We can also use the `csv` module to write data out to a CSV file. In the example below, we will write out the data which we collected above, row by row:

In [7]:
# Write data to CSV file using modern file handling
try:
    with open("output.csv", "w", encoding='utf-8', newline='') as fout:
        # Specify the ordered list of fields in our file
        fields = ["Player", "Club", "Total Goals", "Home Goals", "Away Goals"]
        writer = csv.DictWriter(fout, fieldnames=fields)
        # Write the header row
        writer.writeheader()
        # Write each row of data
        for row in rows:
            writer.writerow(row)
            
    print(f"Successfully wrote {len(rows)} rows to output.csv")    
except IOError as e:
    print(f"File Error: Could not write to output.csv - {e}")
except csv.Error as e:
    print(f"CSV Error: Could not write CSV data - {e}")
except Exception as e:
    print(f"Unexpected error: {e}")

Successfully wrote 30 rows to output.csv


## Working with JSON

[JSON](http://json.org/) is a lightweight format which is becoming increasingly popular for online data exchanged. Based originally on the JavaScript language and (relatively) easy for humans to read and write

The built-in module *json* provides an easy way to encode and decode data in JSON in Python.

In [11]:
import json

Let's try downloading and parsing a simple JSON file which contains information about a number of books, originally from librarything.com:

In [12]:
url = "http://mlg.ucd.ie/modules/python/books.json"

try:
    response = urllib.request.urlopen(url)
    raw_json = response.read().decode("utf-8")
    print("Successfully downloaded JSON data")
except urllib.error.HTTPError as e:
    print(f"HTTP Error {e.code}: Could not download JSON file")
except urllib.error.URLError as e:
    print(f"Network Error: {e.reason}")
except Exception as e:
    print(f"Unexpected error: {e}")
    raw_json = None

Successfully downloaded JSON data


In [14]:
print(raw_json)

[{
	"book_id": "13585350",
	"title": "The World Treasury of Science Fiction",
	"ISBN": "0316349410",
	"year": 1989,
	"rating": 3,
	"language": "eng"
}, {
	"book_id": "124205572",
	"title": "The War of the Worlds",
	"ISBN": "1936594056",
	"year": 2013,
	"rating": 4,
	"language": "eng"
}, {
	"book_id": "127360065",
	"title": "Under the Dome: A Novel",
	"ISBN": "1439149038",
	"year": 2013,
	"rating": 2,
	"language": "eng"
}, {
	"book_id": "13908800",
	"title": "The Ultimate Hitchhiker's Guide to the Galaxy",
	"ISBN": "0345453743",
	"year": 2002,
	"rating": 5,
	"language": "eng"
}, {
	"book_id": "123734934",
	"title": "The Time Traveler's Wife",
	"ISBN": "1476764832",
	"year": 2014,
	"rating": 5,
	"language": "eng"
}, {
	"book_id": "13603020",
	"title": "Salem's Lot",
	"ISBN": "0451098277",
	"year": 1976,
	"rating": 3,
	"language": "eng"
}, {
	"book_id": "124173974",
	"title": "Republic",
	"ISBN": "039395501X",
	"year": 1985,
	"rating": 3,
	"language": "eng"
}, {
	"book_id": "123102859",
	

We can now parse the JSON, converting it from a string into a useful Python data structure, by using the `json.loads()`function

In [15]:
try:
    data = json.loads(raw_json)
    print("Successfully parsed JSON data")
    for book in data:
        print(book)
except json.JSONDecodeError as e:
    print(f"JSON Error: Invalid JSON format - {e}")
except Exception as e:
    print(f"Unexpected error parsing JSON: {e}")

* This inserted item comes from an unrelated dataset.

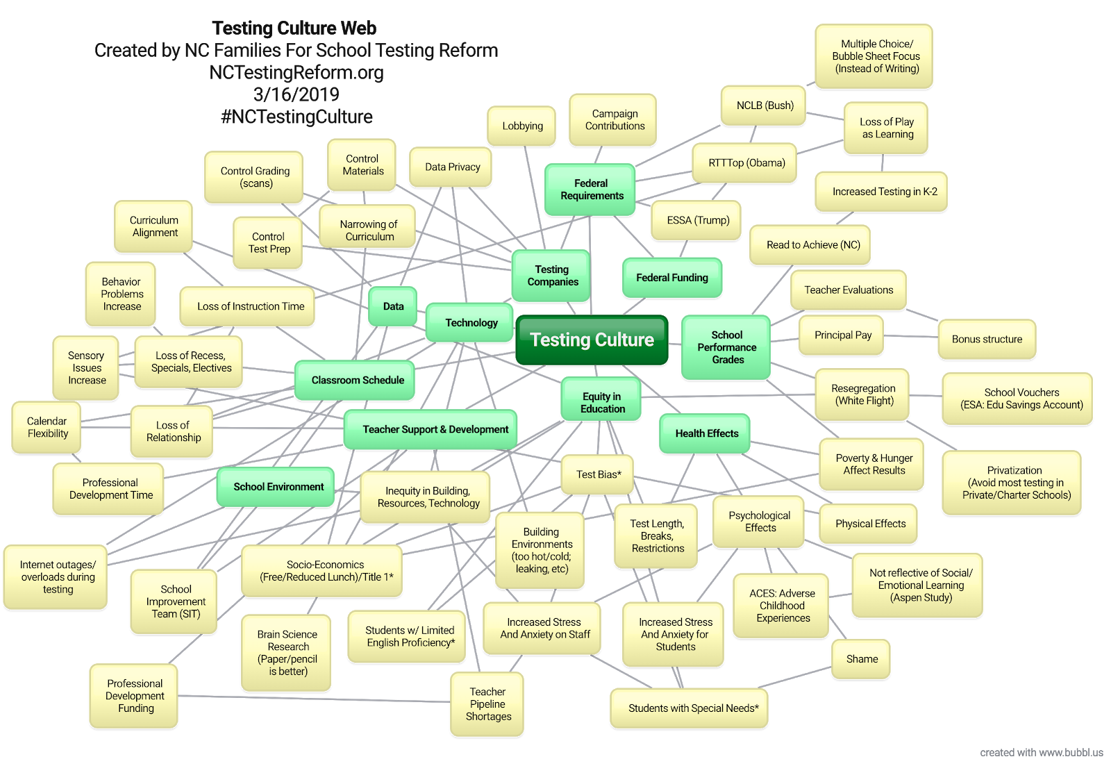 The Testing Culture “Web” Diagram was constructed to demonstrate how the various issues of public school testing are related and connected.

Successfully parsed JSON data
{'book_id': '13585350', 'title': 'The World Treasury of Science Fiction', 'ISBN': '0316349410', 'year': 1989, 'rating': 3, 'language': 'eng'}
{'book_id': '124205572', 'title': 'The War of the Worlds', 'ISBN': '1936594056', 'year': 2013, 'rating': 4, 'language': 'eng'}
{'book_id': '127360065', 'title': 'Under the Dome: A Novel', 'ISBN': '1439149038', 'year': 2013, 'rating': 2, 'language': 'eng'}
{'book_id': '13908800', 'title': "The Ultimate Hitchhiker's Guide to the Galaxy", 'ISBN': '0345453743', 'year': 2002, 'rating': 5, 'language': 'eng'}
{'book_id': '123734934', 'title': "The Time Traveler's Wife", 'ISBN': '1476764832', 'year': 2014, 'rating': 5, 'language': 'eng'}
{'book_id': '13603020', 'title': "Salem's Lot", 'ISBN': '0451098277', 'year': 1976, 'rating': 3, 'language': 'eng'}
{'book_id': '124173974', 'title': 'Republic', 'ISBN': '039395501X', 'year': 1985, 'rating': 3, 'language': 'eng'}
{'book_id': '123102859', 'title': 'The Road', 'ISBN': '0307387

We can now iterate through the books in the list and extract the relevant information that we require.

In [16]:
for book in data:
    print(f"{book['title']} = {book['year']}")

The World Treasury of Science Fiction = 1989
The War of the Worlds = 2013
Under the Dome: A Novel = 2013
The Ultimate Hitchhiker's Guide to the Galaxy = 2002
The Time Traveler's Wife = 2014
Salem's Lot = 1976
Republic = 1985
The Road = 2006


## Working with XML

Extensible Markup Language (XML) is a markup language that defines a set of rules for encoding documents in a format which is both human-readable and machine-readable. XML is a widely-adopted format. Python includes several built-in modules for parsing XML data.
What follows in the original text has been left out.